I am not sure of the state of the art here, but if I can be allowed to speculate wildly (and with it being understood that I am not a homotopy theorist): we might begin by observing that objects like Kan complexes (or their truncations) are not, technically speaking, algebraic in the sense of being strictly described in terms of operations subject to equational axioms. They can be algebraized, and something like an algebraic notion of (weak) $n$-groupoid or $\infty$-groupoid results, but actually milking usable algebraic invariants out of such structures, i.e., extracting usable algebraic invariants for $n$-types in a way that extends the results of Eilenberg-Mac Lane, Joyal-Street, etc., seems to me a possibly worthy research project.

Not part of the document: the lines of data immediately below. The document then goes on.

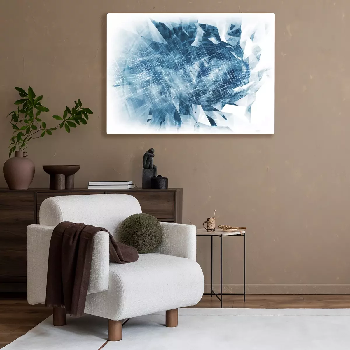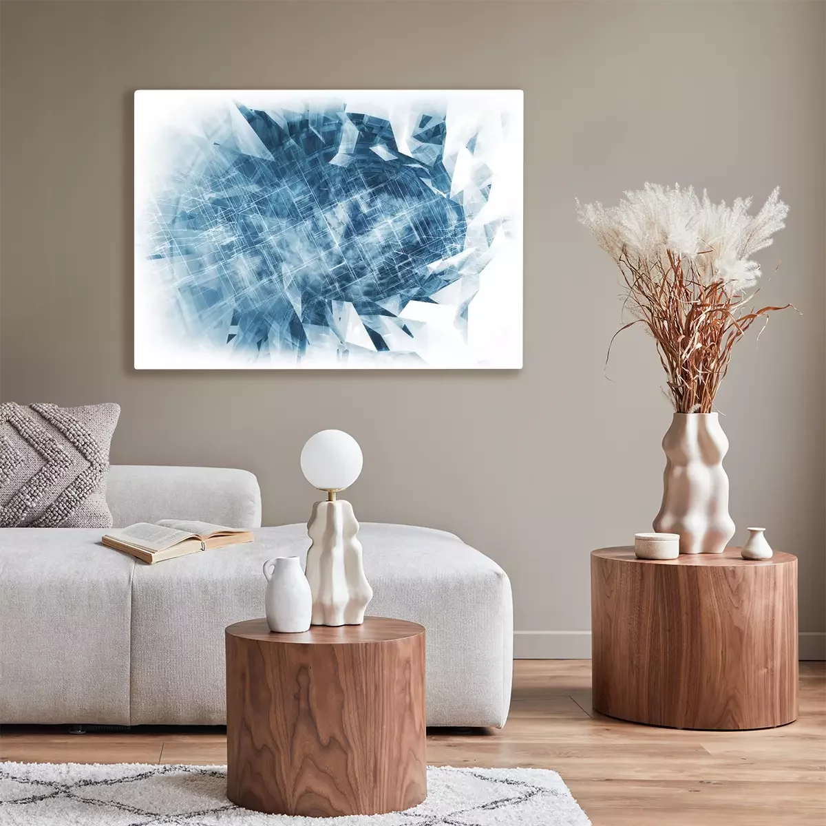 De print wordt aangebracht op hoogwaardig canvas dat op een schildersweefgetouw (spieraam) wordt gespannen. Omdat de print de zijranden bedekt, hoeft het ontwerp niet met een extra kader te worden omlijst. Wij raden ook composities aan die uit meerdere foto's bestaan en zo een coherente compositie vormen.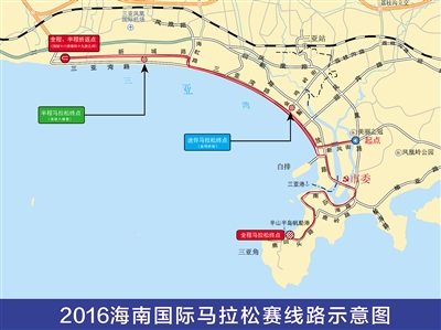 2016海南国际马拉松起点为三亚市美丽之冠,赛道主要沿着三亚湾、新城路、南边海路等路段进行,全程终点为半山半岛帆船港(半程终点设在海坡路六横巷、5公里迷你马拉松终点设在金鸡岭街)。三亚湾路赛道优美,景致如画,特别是沿三亚湾路修建的椰梦长廊绿树婆娑、白沙细浪、碧海蓝天。从整条赛道看,东起三亚港,西至天涯湾。“人道十里银滩美,却只是未见过绵延二十里的椰林画廊”。漫步滩边,东西玳瑁洲(东岛西岛)相邻而望,美不胜收,是跑友不得不参加的必跑赛道之一。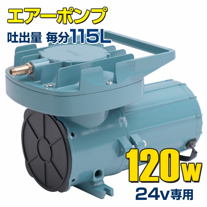 船 いけす エアーポンプ イケス 本体のみ 120w 24v 115L/毎分 生け簀 酸欠防止 漁船 ボート 車 水槽 ぶくぶく 空気 活魚 運搬 生き餌 イカ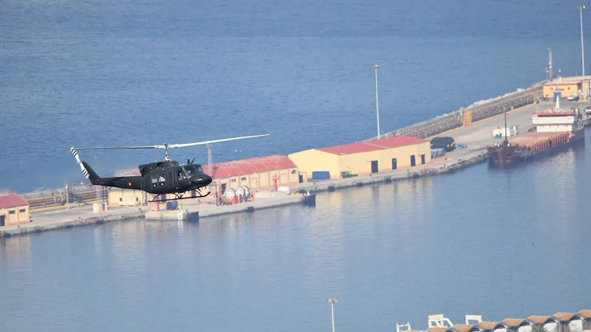 Los helicópteros de maniobra BHELMA VI sobrevuelan los cielos de Ceuta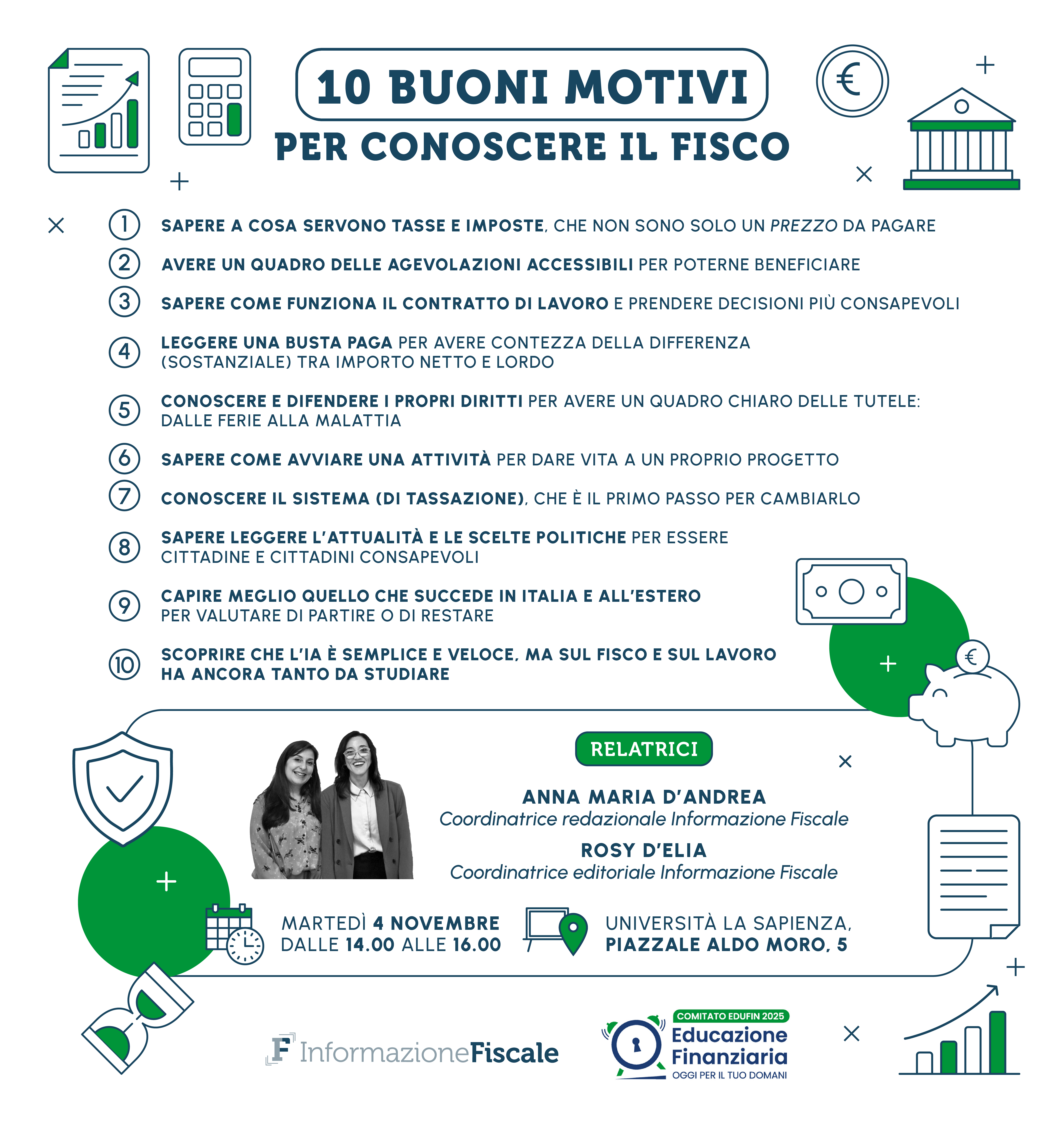 La conoscenza ha un valore inestimabile, anche in termini economici: da questo presupposto nasce l’evento formativo organizzato dalla redazione di Informazione fiscale nell’ambito dell’iniziativa “Educazione finanziaria: oggi per il tuo domani” promossa dal Comitato per la programmazione e il coordinamento delle attività di educazione finanziaria per il mese di novembre 2025. L’iniziativa è dedicata a studenti e studentesse della scuola secondaria di secondo grado e dell’Università ed è finalizzato a favorire la conoscenza di concetti di base del Fisco e del Lavoro, ma anche a offrire gli strumenti per analizzare le sfide e le opportunità più rilevanti per chi si prepara ad avviare la sua carriera lavorativa.

Possibly such study would proceed by locating usable semi-strictifications of $n$-categorical structures (à la the manner in which Gray-groupoids are semistrict tricategorical groupoids). In other directions: researchers such as Ronnie Brown have worked on $n$-types via more cubical notions (cubical $\omega$-groupoids), especially with a view toward higher van Kampen theorems, and Baues (whose work I don't know) has also worked on Whitehead's program (see his book Algebraic Homotopy, I guess).

While we're in this speculative mode: I don't know what really to say to the suggestion that we generalize the HH to objects of a Grothendieck topos $E$ (whose objects are thought of as "generalized spaces"). The only thing that comes to my mind right away is that we could try defining homotopy groups of objects in $E$ by appealing to a suitable "geometric realization" that passes through a left-exact left adjoint $E \to \textbf{Simp-Set}$. But there could be many choices of such lex left adjoints; they correspond to "$E$-models" in simplicial sets, where model is in the sense of whatever geometric theory the Grothendieck topos $E$ classifies. This could be interesting, or could be a dead end. Hard for me to say.